Nothing but the lines from the one with "温州鹿城广场约389米全球天" through the final line of the entries should appear in the answer, copied exactly and without pictures.
*** Material to process Section Begins ***
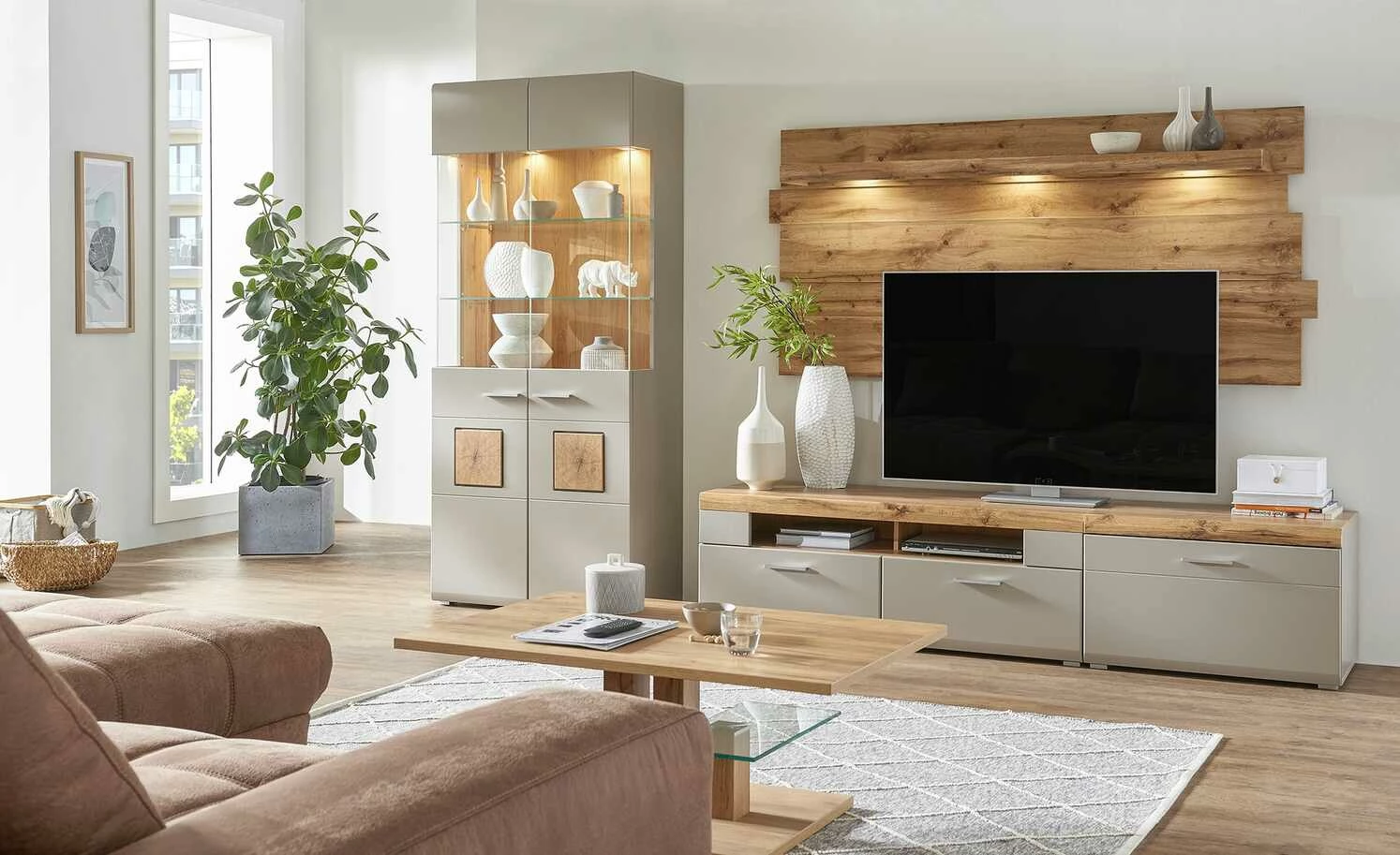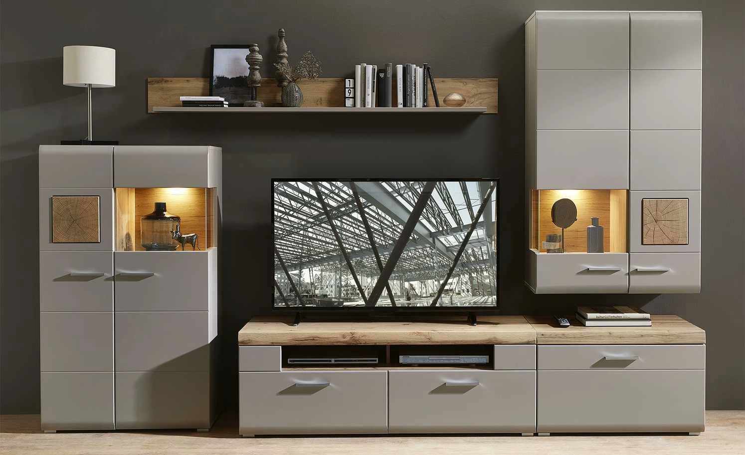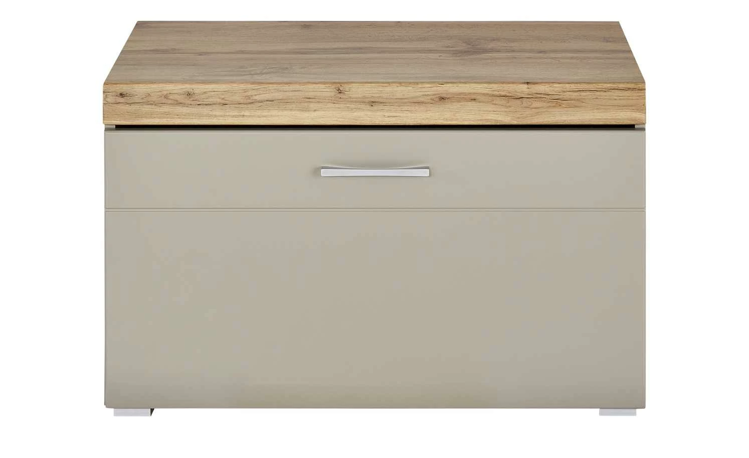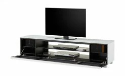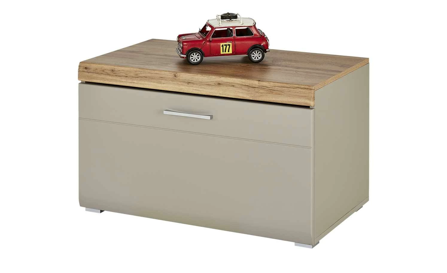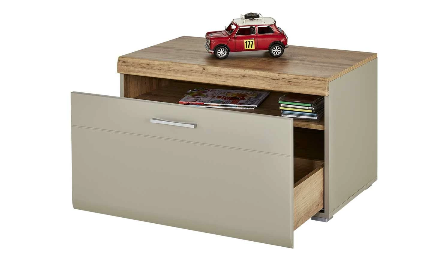 Das Lowboard Cortina kann einzeln oder in Kombination mit den anderen Lowboards der Serie genutzt werden. Cortina verfügt über eine große Schublade, die sich über die gesamte Breite des Lowboards erstreckt. Front und Korpus sind in mattem Basalzgrau designt. Abdeckplatte und Boden setzen sich in Eiche Altholz (Nachbildung) ab.
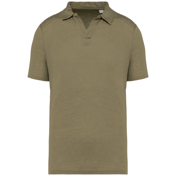 100 % linnen. Tricot. Rechte snit. Polokraag met staander en V-hals. met knooplijst zonder knoop in de hoofdstof. Dubbel stiksel aan de mouwboorden en de zoom. Zijsplitten met aan de binnenkant nektape in de hoofdstof. Halvemaan op de achterkant.
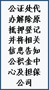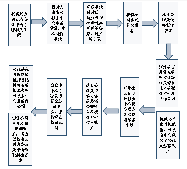 (五)原贷款结清。市公积金中心收到资金后,按照约定办理卖方公积金贷款结清。资金监管方(江淮公证处)办理解除原抵押登记,经担保公司确定抵押权属后,卖方凭结清证明向江淮公证处申请支取剩余资金。
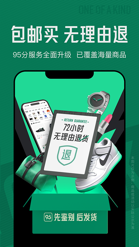 从此以后,购买95分全品类商品,享包邮服务,退货享72小时无理由服务。
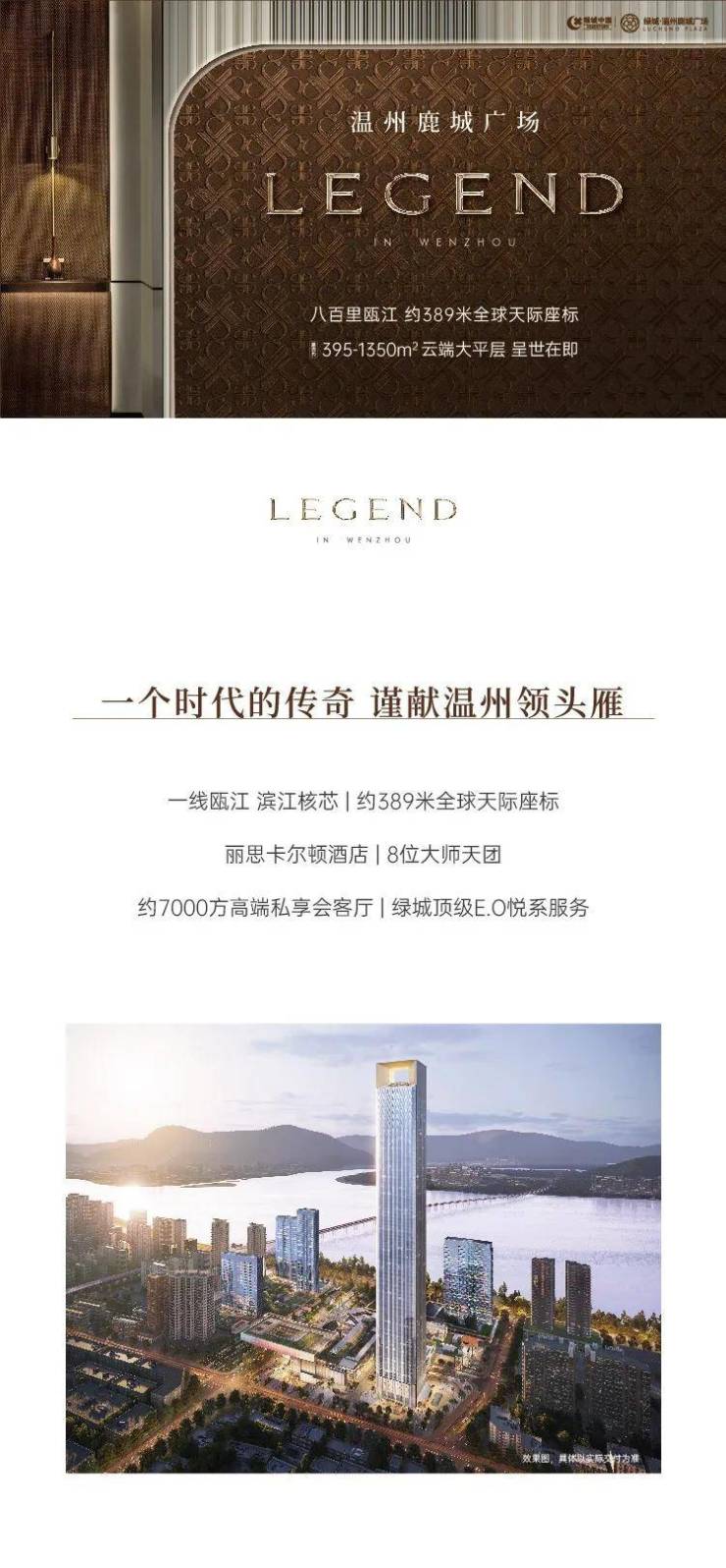温州鹿城广场约389米全球天际座标,如同纽约ONE57,构建温州的立体世界,聚合酒店、大平层、商业、城市广场等业态,在世界级多维场景连接下,激发城市无限想象,重构世界温州的江岸坐标。
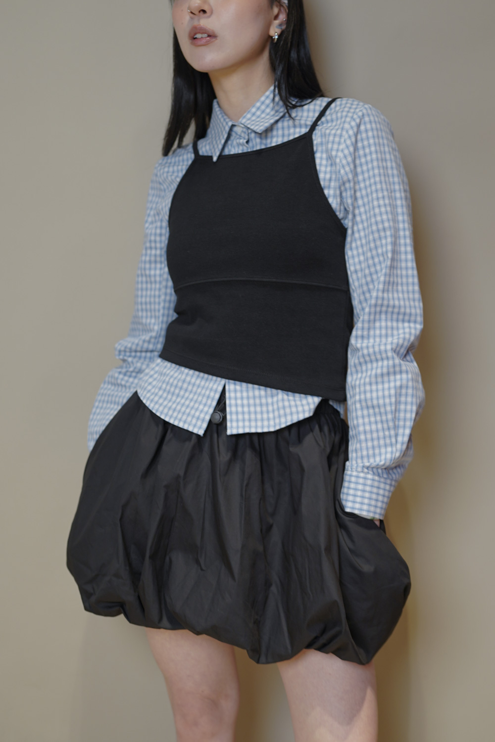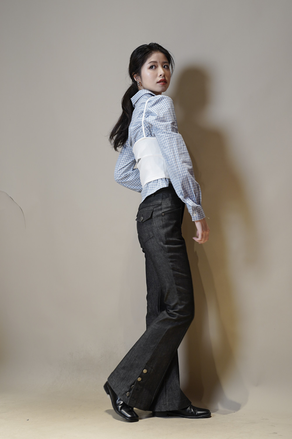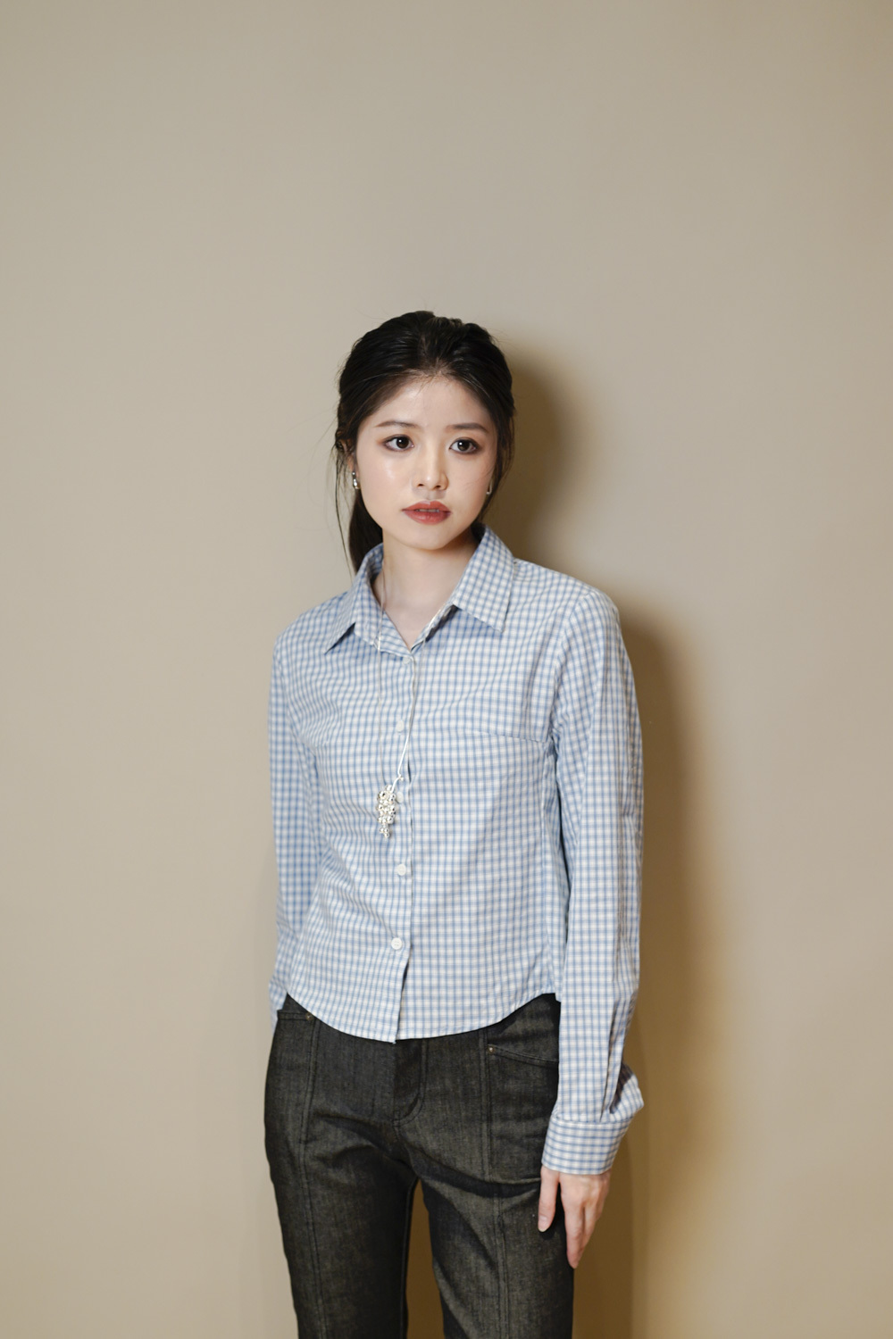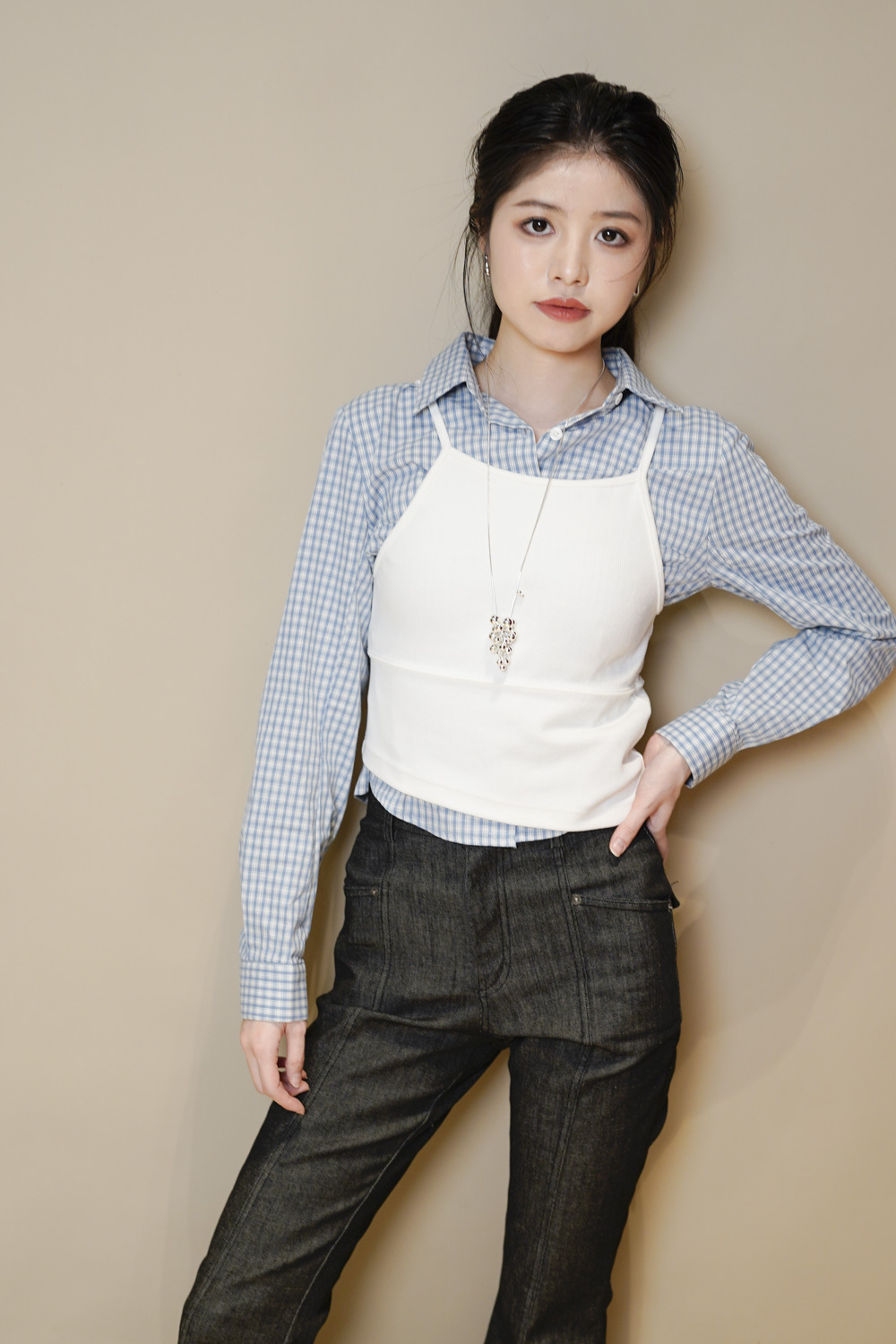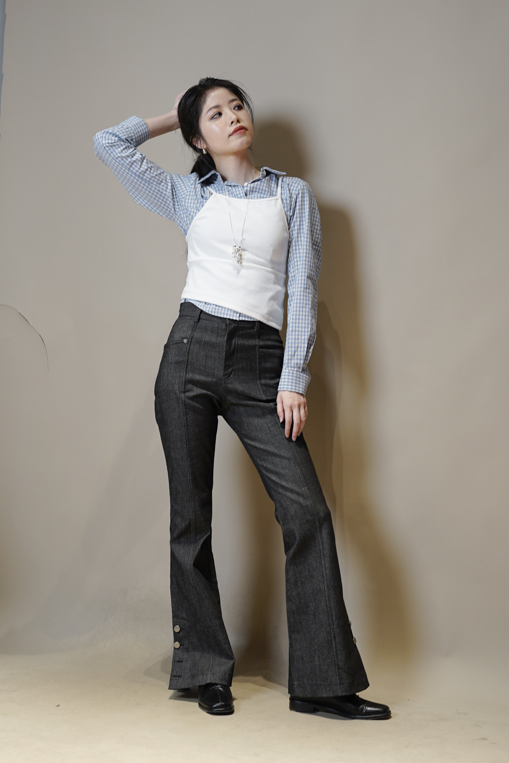 淺藍x白色格仔pattern/ 可搭配彈性背心更有修身型格感覺
*** Material to process Section Ends ***
• _Response area_:
温州鹿城广场约389米全球天际座标,如同纽约ONE57,构建温州的立体世界,聚合酒店、大平层、商业、城市广场等业态,在世界级多维场景连接下,激发城市无限想象,重构世界温州的江岸坐标。
 淺藍x白色格仔pattern/ 可搭配彈性背心更有修身型格感覺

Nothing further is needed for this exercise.